Pauling’s hypothesis: our primate ancestors evolved Lp(a) to help them heal up blood vessels which were more prone to injury because they had been weakened by poor collagen synthesis, owing their lack of vitamin C – their hypoascorbemia, or genetically-induced “borderline” vitamin C deficiency. In effect, Lp(a) is a “surrogate for ascorbate.”

There was already experimental evidence for this. Humans and other primates are nearly the only animals that develop atherosclerosis: rabbits and other rodents can be forced to develop heart disease if they are fed a diet loaded with saturated fat and cholesterol, but the disease process is very different from that seen in humans. The one exception is the guinea pig – the only rodent that does not synthesize its own vitamin C. In the 1950s, the Canadian cardiologist Dr. GC Willis demonstrated that guinea pigs on a diet lacking saturated fat or cholesterol develop lipid deposits in their arteries, which are morphologically identical to human atherosclerosis – if their diet is also low in vitamin C. Even more excitingly, Dr. Willis found that this atherosclerosis could be reversed by high-dose vitamin C supplementation. A small human pilot study confirmed this observation.

Pauling and Rath repeated and expanded Dr. Willis’ work, showing that the amount of vitamin C required to prevent the development of atherosclerosis in the hypoascorbemic guinea pig is 40 milligrams per kilogram of body weight. In a 70 kilogram human, the experimental data thus suggests that a minimum requirement of 2 800 mg of vitamin C per day would be required to prevent heart disease in our own species.

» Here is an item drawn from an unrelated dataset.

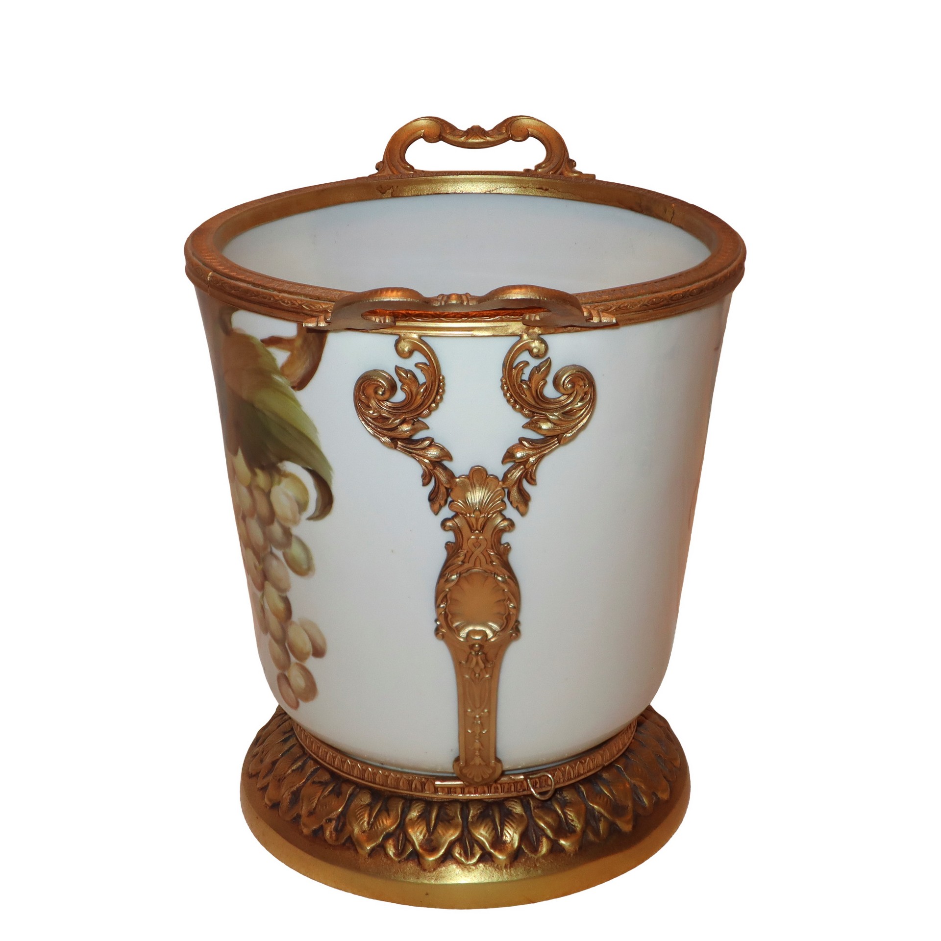 Vaso in porcellana con manici e base in metallo dorato, Empire style, 20 Secolo H cm 21, bocca 18 cm Dipinto con raffigurazioni di uva.Dipinto con raffigurazioni di uva.

In a small human trial run by Dr. Rath, people with high Lp(a) levels who supplemented with nine full grams of ascorbate for 14 weeks experienced an average 27% reduction in Lp(a) levels. However, a larger, controlled trial failed to confirm this result. On the one hand, the larger trial used only half of the dose of vitamin C used in Dr. Rath’s trial, so the result could just be due to a failure to use enough ascorbate. But it’s more likely that vitamin C doesn’t lower the level of Lp(a). Lp(a) levels are mostly determined by your genes, and the only conclusively proven ways to lower Lp(a) levels are niacin supplements (which can be taken in the form of inositol hexanicotinate) and estrogen “replacement” therapy in postmenopausal women.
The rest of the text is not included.